Neurofibromatosis Awareness Walk

Children’s Tumour Foundation is the support organisation for people living with a genetic condition called neurofibromatosis (NF).  NF affects one in every 3,000 people, which is more common than cystic fibrosis, Duchenne muscular dystrophy and Huntington’s disease combined.  NF causes tumours to grow on nerves throughout the body.  It can be life-limiting and can lead to blindness, bone abnormalities, learning disabilities and chronic disabling pain.

Put simply, it means your tumour suppressor does not properly function and every nerve cell in your body has the potential to become a tumour.  As a result, it presents multiple health issues across a lifetime.

Three years ago we established a support group in Townsville for families affected by or afflicted with the condition known as neurofibromatosis. 

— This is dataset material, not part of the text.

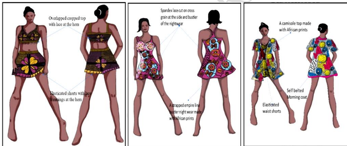
Figure 3: Design boards the three designs

The design board in Figure 3 illustrates the front and back views of the designs with fabric and colours.

The reason I am so passionate about this cause is because my husband and both my children have NF.  My husband’s case is extremely mild with only a few skin tumours and some café au lait spots on his body.  My eldest son’s case is complicated by the fact that he was born 15 weeks prematurely and has cerebral palsy, autism and sensory processing disorder.  Ethan is 5 years old and has just started at school this year.  He does have learning difficulties but it is difficult to know whether they are caused because of his NF or his prematurity and resulting afflictions.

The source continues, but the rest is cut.